Y = (x+1)/x (defined as such early in the post).
Y = 6 implies x = 1/5
Y = -1 implies x = -1/2
The above values plugged into the second equation seem to work okay.
The first questions asked for solutions in the complex domain! I'm sorry if i missed that part!
Oh, you're asking seperate? I thought you meant solve for x applicable to both equations....
otherwise
1) x= -1/2 (+/-) sqrt(3)i/2 or x = 0 or x =-1
2)x= -1/2 (+/-) sqrt(3)i/2 or
x = (+/-) (2*sqrt(2)(+/-)3) where (+/-) both are + or both are -
unless by -5 you mean multiply and not subtract?

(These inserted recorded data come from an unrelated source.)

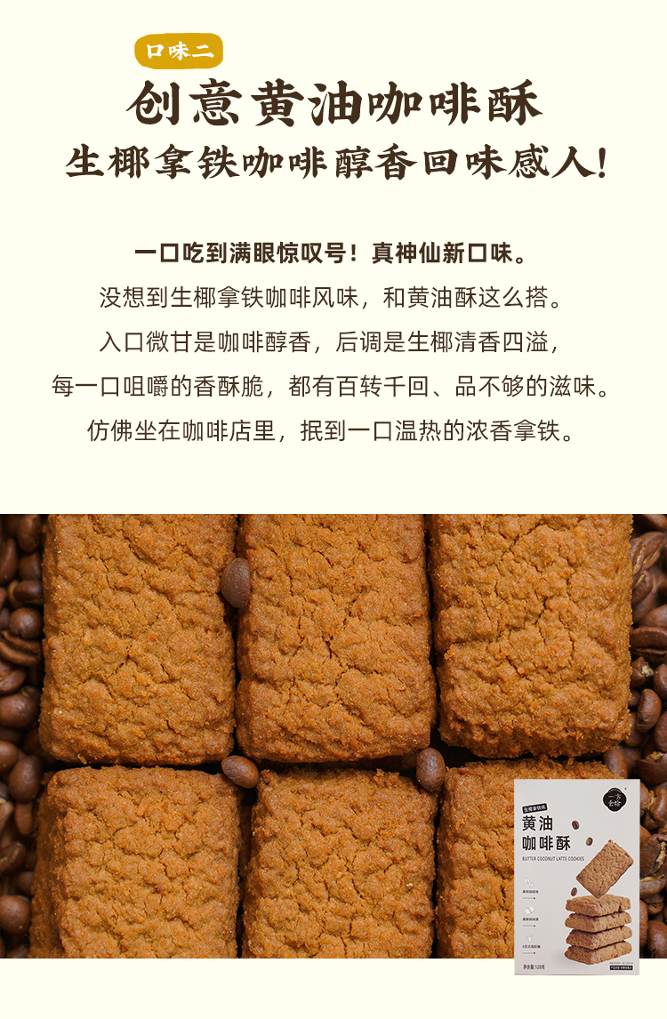 因为他们家的岩烧咖啡太过美味,所以我对黄油酥也是很期待,很有仪式感的试吃了下,果然继续美味!香气浓郁,酥脆绵密,厚厚一块,噗噗掉渣!经典咸蛋黄味,融合浓厚的黄油乳香,一入口就如流沙般化开,纯正奶香,又带点咸咸,层次感人;还有生椰拿铁味,也非常可,咖啡味实实在在,生椰味清香四溢,还咬得到粒粒分明的椰丝颗粒,嚼起来沙沙生香!
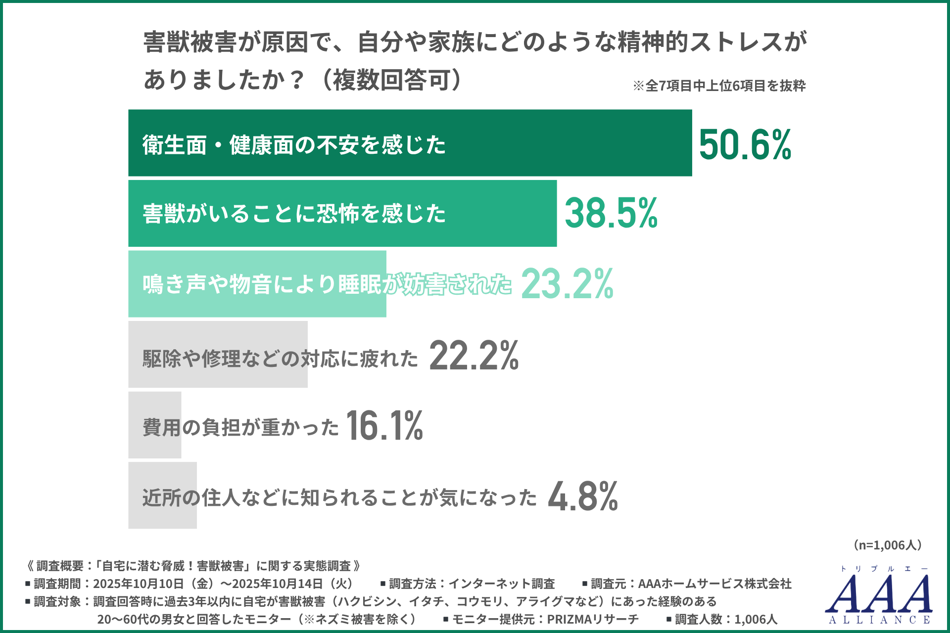 害獣による被害の中心は悪臭や汚損といった衛生被害が多く、さらに「衛生面・健康面の不安」「恐怖」「睡眠妨害」といった精神的ストレスも多くの方が経験しています。
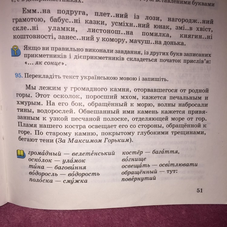 Ми лежимо у велетенського каменя відірвавшогося від рідної гори.Цей уламок,порослий мохом,здається сумним і похмурим.На його бік,звернений до моря,хвилі накидали баговиння,водоростей.Обвішаний ними камінь здається прив'язаним до вузької пісчаної смужки,відділяючої море від гір.Вогонь нашого багаття освітлює його з сторони,оберненої до гори.По старому каменю,покритому глубокими тріщинами бігають тіні.
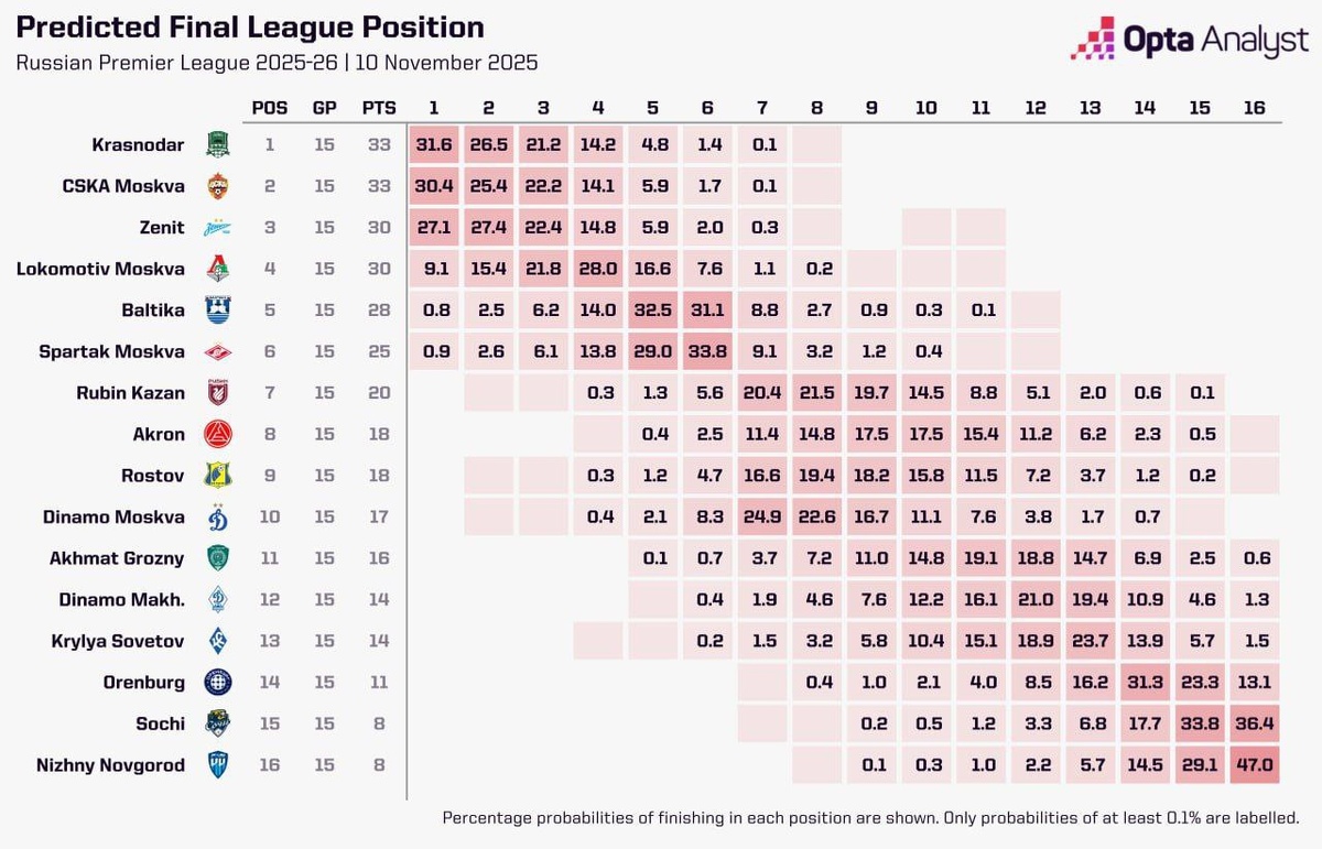 Суперкомпьютер Opta уверен, что Рубин по итогам сезона будет на 7-9 месте. ❤️ Злобный Рубин ❤️
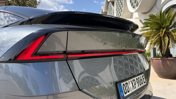 Les passages de roues accueillent des jantes de 20 pouces sur notre modèle d’essai (19 pouces sur la version de base), et une monte Michelin Pilot Sport. Rien ne vient perturber la ligne sur les flancs, pas même les poignées de portes qui sont bien sûr affleurantes. Derrière la ligne de toit plongeante, l’arrière est plus sculpté avec un béquet intégré au hayon du coffre. Coffre dont le bouton d’ouverture est intégré très (trop) bas, sous le support de la plaque d’immatriculation. Relativement basse, à 1 512 mm, la Xpeng P7+ affiche des dimensions conséquentes avec 1 937 mm de large et surtout 5 071 mm de long. En contrepartie, l’empattement de 3 000 mm promet une belle habitabilité.
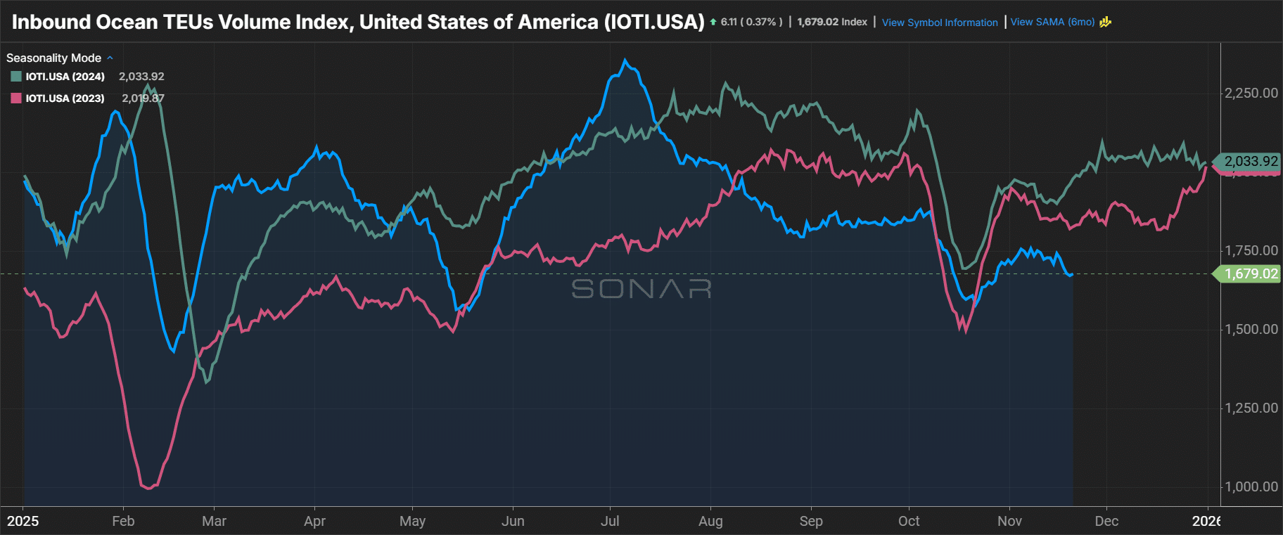 After early October’s short-lived volatility subsided, truckload demand weakness has held steady through mid-November. Contract volumes flattened after mid-month, and DAT showed a slight month-over-month dip in spot load posts, though year-over-year activity remained positive. Import-driven freight was soft for this time of year due to reduced peak-season ordering following earlier pull-forward efforts, and ongoing manufacturing contraction continued to weigh on volumes.

if you meant multiplied by -5 then:
2) x=.379455070524 (+/-) 1.53443682794i or
x= .151874214067 (+/-) .614147511474i or
x= (+/-)(sqrt(6^(2/3)*5^(4/3)-100) (+/-) 6^(1/3)*5^(2/3)) / 10 where (+/-) are inverse
And I wasn't thinking imaginary... so even if you were asking what I originally thought....
x=-1/2 (+/-) sqrt(3)i/2
Actually, y = x +(1/x), or as i put it: y = (x2+1)/xQuote:
There seems to be some confusion in the Sql_lall post about the second problem. As I understand his analysis, he correctly solves for a variable Y, which can be 6 or minus one.

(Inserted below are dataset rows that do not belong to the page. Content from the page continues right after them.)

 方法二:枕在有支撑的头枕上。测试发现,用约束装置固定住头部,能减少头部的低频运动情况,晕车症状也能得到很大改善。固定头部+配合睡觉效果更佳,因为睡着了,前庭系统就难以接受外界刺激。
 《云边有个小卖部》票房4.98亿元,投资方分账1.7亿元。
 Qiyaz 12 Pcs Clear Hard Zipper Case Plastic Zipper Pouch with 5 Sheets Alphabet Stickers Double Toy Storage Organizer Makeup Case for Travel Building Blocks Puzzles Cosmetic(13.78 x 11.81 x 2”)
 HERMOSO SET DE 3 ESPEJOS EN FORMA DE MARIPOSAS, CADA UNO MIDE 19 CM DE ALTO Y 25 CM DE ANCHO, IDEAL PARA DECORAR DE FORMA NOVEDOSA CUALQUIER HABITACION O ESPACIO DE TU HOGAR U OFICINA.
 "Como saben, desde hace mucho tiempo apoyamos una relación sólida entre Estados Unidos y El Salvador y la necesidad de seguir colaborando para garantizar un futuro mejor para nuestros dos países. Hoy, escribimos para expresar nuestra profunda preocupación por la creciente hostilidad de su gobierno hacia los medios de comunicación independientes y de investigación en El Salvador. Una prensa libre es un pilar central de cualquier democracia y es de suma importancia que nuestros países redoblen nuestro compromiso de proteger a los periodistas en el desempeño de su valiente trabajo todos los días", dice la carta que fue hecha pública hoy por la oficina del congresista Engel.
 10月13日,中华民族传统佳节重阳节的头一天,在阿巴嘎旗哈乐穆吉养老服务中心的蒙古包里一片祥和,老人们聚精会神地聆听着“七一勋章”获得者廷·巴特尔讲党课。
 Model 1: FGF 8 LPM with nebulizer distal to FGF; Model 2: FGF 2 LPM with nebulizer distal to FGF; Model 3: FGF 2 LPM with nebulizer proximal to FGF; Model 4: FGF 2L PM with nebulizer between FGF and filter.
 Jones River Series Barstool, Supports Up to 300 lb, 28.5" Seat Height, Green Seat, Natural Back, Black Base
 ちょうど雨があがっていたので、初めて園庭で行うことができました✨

Y = (x+1)/x (defined as such early in the post).
Y = 6 implies x = 1/5
Y = -1 implies x = -1/2
The above values plugged into the second equation seem to work okay.
i think there is some confusion over whether
x+1/x = (x+1)/x
OR = x+(1/x)
I took it as the latter.
Sql_Lall: After rereading the original post by SilverSprite, I think your interpretation is correct: x+1/x, not (x+1)/x. I did not read it properly.
Hence your post is correct, and solving the quadratics you developed would give correct solutions.